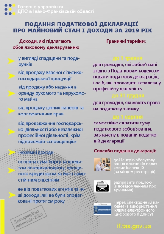 Податківців розробили пам’ятку із граничними термінами подання податкової декларації про майновий стан і доходи за 2019 рік. Скачайте і подайте вчасно!
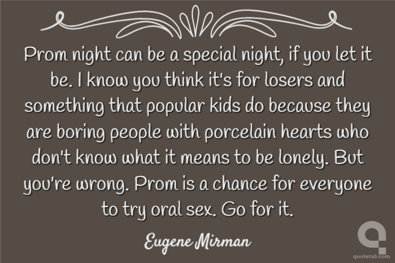 Prom night can be a special night, if you let it be. I know you think it's for losers and something that popular kids do because they are boring people with porcelain hearts who don't know what it means to be lonely. But you're wrong. Prom is a chance for everyone to try oral sex. Go for it.
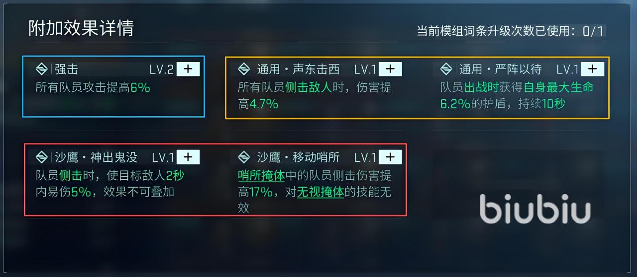 当增强模组之后就将会获得三层buff加层,第一种是不需要任何的抽奖和刷怪,全队就可解锁沙海守望者、游击掩护和游击防卫队三类增益效果,能够极大的提高掩体和攻击效果。第二种是获得声东击西、神出鬼没、移动哨所、强击和严阵以待等加成效果,可提高队友的6%强击和5%的内易伤,还能获得生命护盾。第三种就是队员获得额外的防御、攻击和生命值加成。
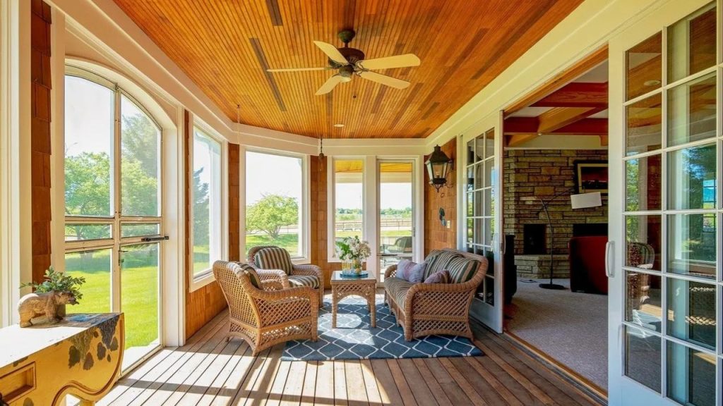 This cozy screened-in porch is the perfect blend of rustic and refined. The warm wood ceiling and matching floorboards give it a cabin-like feel, while the large windows and French doors flood the space with natural light and panoramic views of lush greenery. Wicker furniture with plush cushions invites laid-back lounging, and the ceiling fan ensures a breeze even on still summer days. A charming spot for morning coffee or sunset chats.
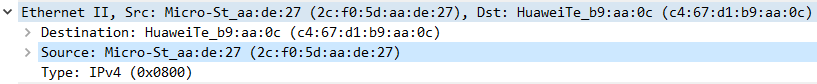 我们点开这个字段,从该字段中可以看到相邻两个设备的MAC地址
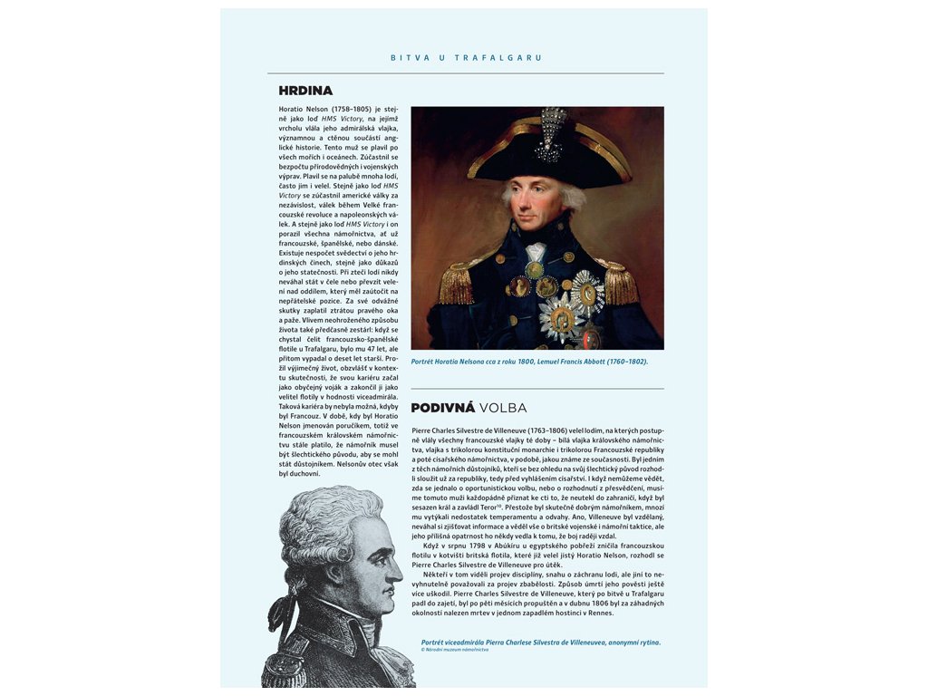 Doplnění komiksu tvoří příloha, která popisuje události vedoucí k této zásadní bitvě. Seznámíte se s životními příběhy velitelů obou flotil, s jejich vyzbrojením a taktikou během napoleonských válek a odhalíte okolnosti, které vedly k smrti Horatia Nelsona, hrdiny i oběti této bitvy.

════════════════════

## WHAT YOU HAVE TO DO
Pictures excluded, repeat the records exactly from their opening line through the line containing "Prom night can".

## ANSWER TO THIS EXERCISE
 Податківців розробили пам’ятку із граничними термінами подання податкової декларації про майновий стан і доходи за 2019 рік. Скачайте і подайте вчасно!
 Prom night can be a special night, if you let it be. I know you think it's for losers and something that popular kids do because they are boring people with porcelain hearts who don't know what it means to be lonely. But you're wrong. Prom is a chance for everyone to try oral sex. Go for it.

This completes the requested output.